For the material that follows, return exactly the lines from the one with "Extra Action Poker" through the one with "Plakat edukacyjny formatu", both ends included.

═══ Exercise materials

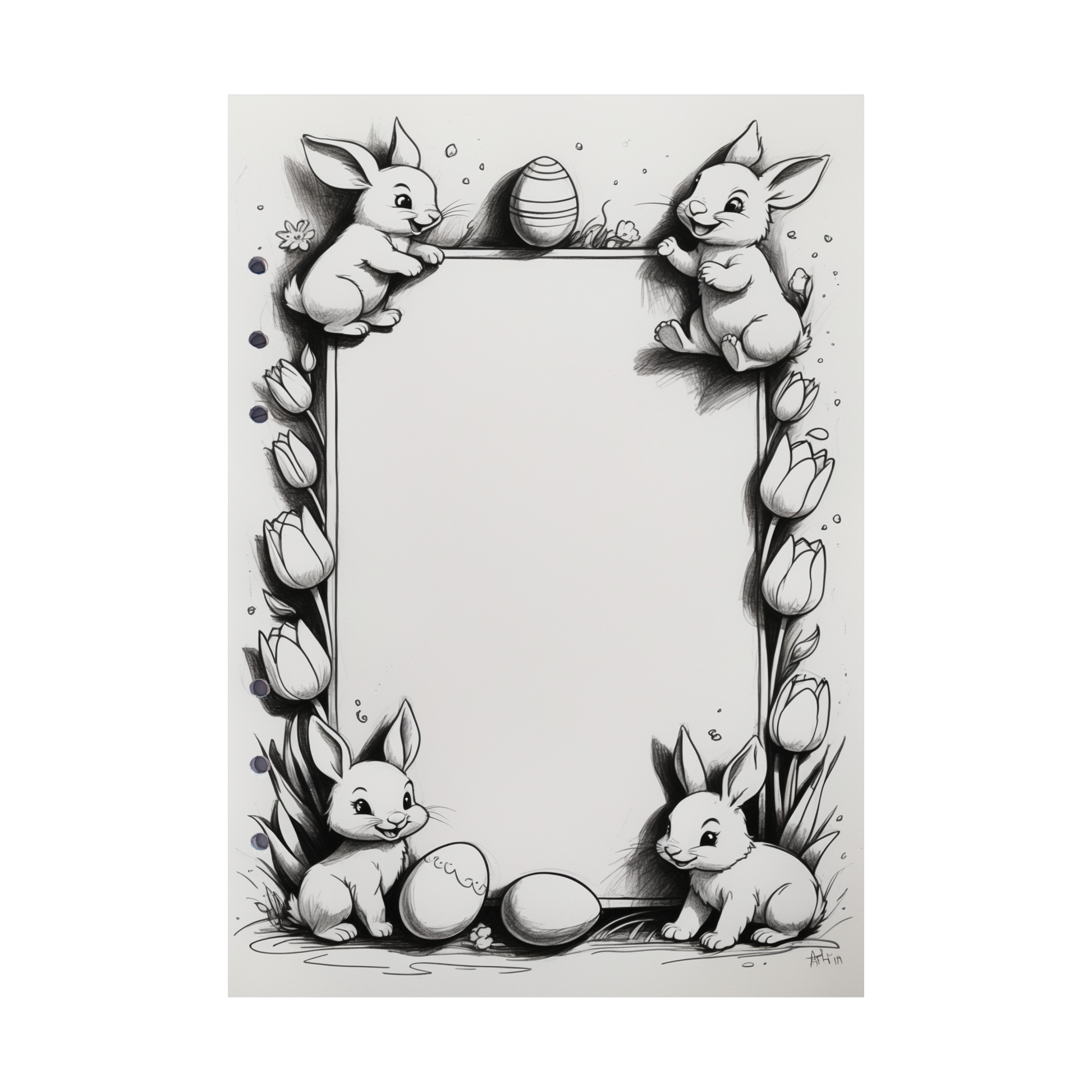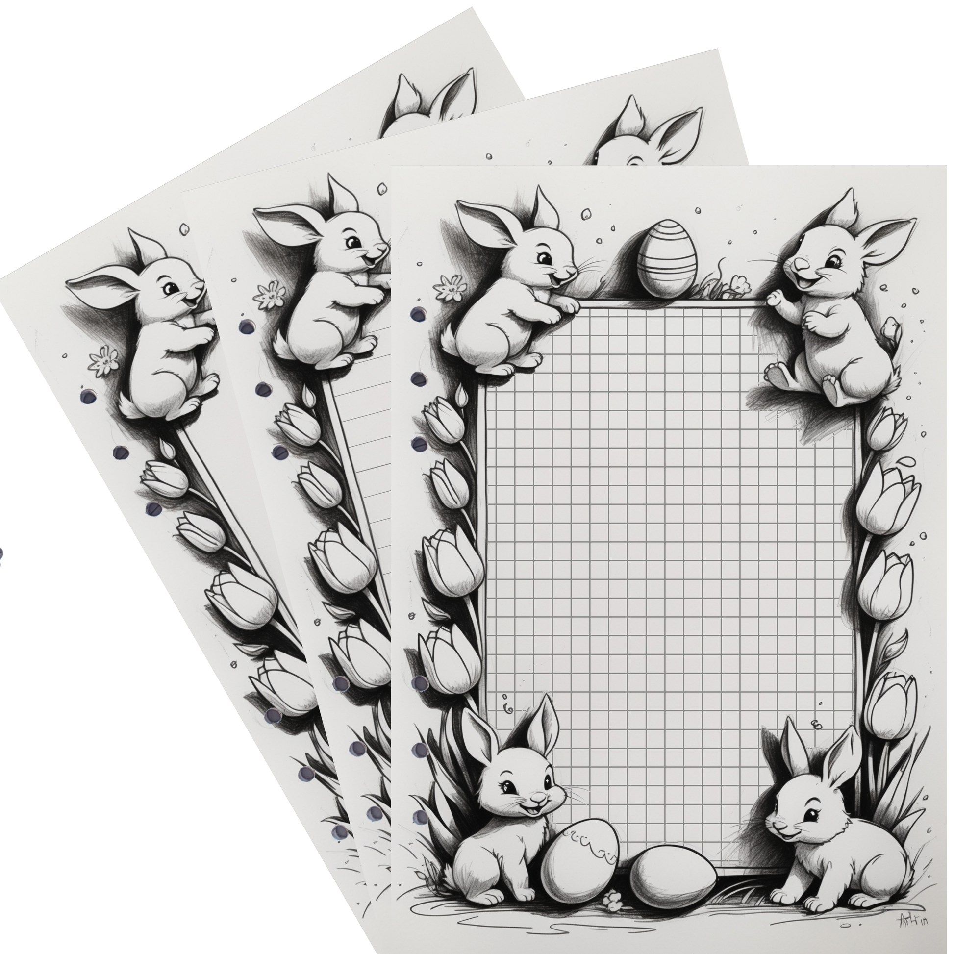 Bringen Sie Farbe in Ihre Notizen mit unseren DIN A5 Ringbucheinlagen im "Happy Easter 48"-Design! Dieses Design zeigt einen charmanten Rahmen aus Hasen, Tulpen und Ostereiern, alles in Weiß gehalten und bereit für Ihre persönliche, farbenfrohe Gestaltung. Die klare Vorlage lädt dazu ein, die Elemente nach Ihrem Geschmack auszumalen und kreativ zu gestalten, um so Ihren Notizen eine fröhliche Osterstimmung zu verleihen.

══════
═══ Exercise materials

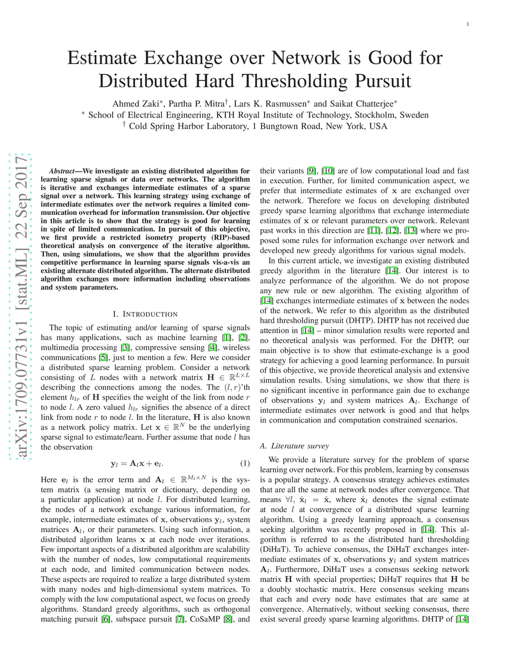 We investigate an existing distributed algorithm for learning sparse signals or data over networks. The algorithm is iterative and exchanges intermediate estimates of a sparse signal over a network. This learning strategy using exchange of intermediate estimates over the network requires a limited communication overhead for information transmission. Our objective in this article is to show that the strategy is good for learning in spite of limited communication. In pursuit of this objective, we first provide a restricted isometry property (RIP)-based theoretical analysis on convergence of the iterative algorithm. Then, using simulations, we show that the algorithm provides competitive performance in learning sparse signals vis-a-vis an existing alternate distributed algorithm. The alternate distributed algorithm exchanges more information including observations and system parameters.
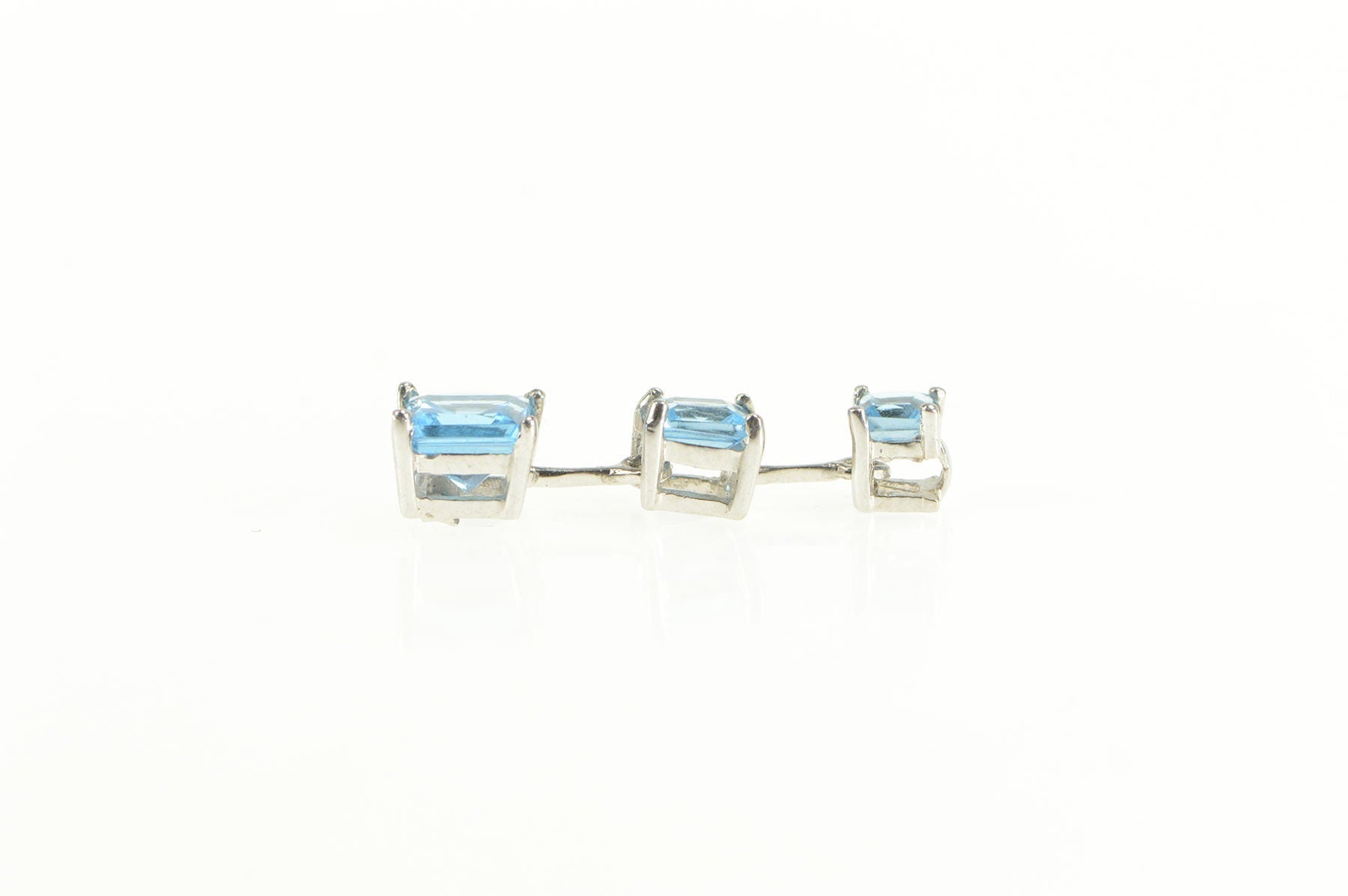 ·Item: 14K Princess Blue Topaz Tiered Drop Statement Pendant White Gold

══════
═══ Exercise materials

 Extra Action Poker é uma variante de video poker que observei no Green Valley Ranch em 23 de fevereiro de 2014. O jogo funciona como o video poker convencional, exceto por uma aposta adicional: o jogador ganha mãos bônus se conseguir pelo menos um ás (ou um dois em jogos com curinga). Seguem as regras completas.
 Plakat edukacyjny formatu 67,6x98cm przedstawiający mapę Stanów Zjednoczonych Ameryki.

══════

Expected answer
 Extra Action Poker é uma variante de video poker que observei no Green Valley Ranch em 23 de fevereiro de 2014. O jogo funciona como o video poker convencional, exceto por uma aposta adicional: o jogador ganha mãos bônus se conseguir pelo menos um ás (ou um dois em jogos com curinga). Seguem as regras completas.
 Plakat edukacyjny formatu 67,6x98cm przedstawiający mapę Stanów Zjednoczonych Ameryki.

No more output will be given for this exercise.